» **What the task asks**: Pictures are to be left out; every line from the one with "在随后的互动交流环节,现场气" through the end of the data must be transcribed exactly.

» **Data provided**:
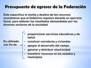 El documento habla sobre el presupuesto de egresos de la Federación Mexicana. Explica que es el documento financiero que establece los gastos que realizará el gobierno federal durante el año y que se obtiene de los impuestos pagados por la sociedad. También describe los principios, control y evaluación del presupuesto, así como conceptos generales sobre derecho tributario y fuentes del derecho mexicano.
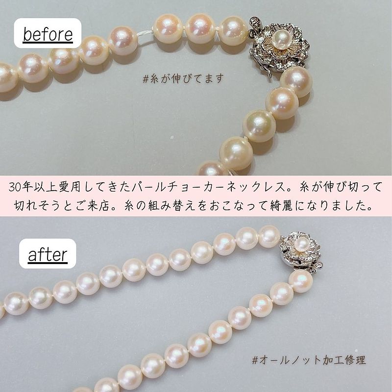 ジュエルミキの数あるジュエリー修理の中で、パールチョーカーネックレスが切れた・糸替え・留め具交換・長さ調整などの修理事例をご紹介いたします。
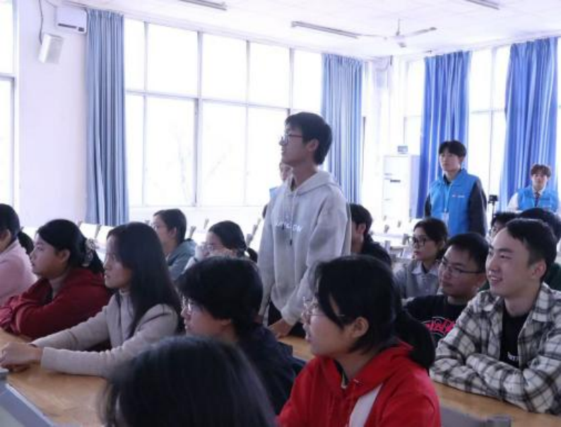 在随后的互动交流环节,现场气氛热烈,学子们踊跃发言,积极回答主讲人就此次宣讲会内容给出的提问,有的同学结合南华大学和专业特色分享了自己对“强核报国”的理解。宣讲团成员耐心倾听回应,进一步激发了学子们的使命感与责任感。
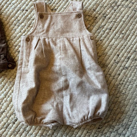 Wheat jumpsuit i størrelse 86. Buksen er laget i myk kordfløyel i lilla farge. Modellen har knapper i ryggen og trykknapper mellom bena for enkel av- og påkledning.
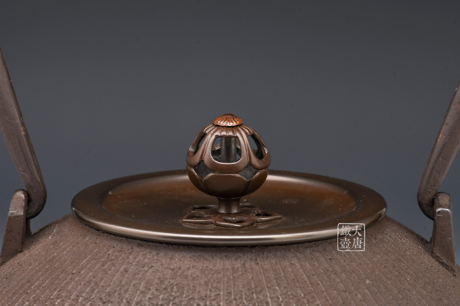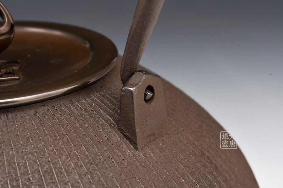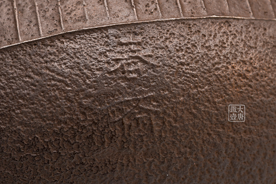 鐵瓶內(nèi)底被稱之為“鳴金”的響片使得水燒開之后的煮沸聲更為悅耳。鐵瓶下側(cè)的“春齋”刻印以及共箱蓋子的題字都是作者親筆所寫。此為檢驗(yàn)春齋鐵瓶真?zhèn)蔚臉?biāo)志之一。

» **Expected answer**:
 在随后的互动交流环节,现场气氛热烈,学子们踊跃发言,积极回答主讲人就此次宣讲会内容给出的提问,有的同学结合南华大学和专业特色分享了自己对“强核报国”的理解。宣讲团成员耐心倾听回应,进一步激发了学子们的使命感与责任感。
 Wheat jumpsuit i størrelse 86. Buksen er laget i myk kordfløyel i lilla farge. Modellen har knapper i ryggen og trykknapper mellom bena for enkel av- og påkledning.
 鐵瓶內(nèi)底被稱之為“鳴金”的響片使得水燒開之后的煮沸聲更為悅耳。鐵瓶下側(cè)的“春齋”刻印以及共箱蓋子的題字都是作者親筆所寫。此為檢驗(yàn)春齋鐵瓶真?zhèn)蔚臉?biāo)志之一。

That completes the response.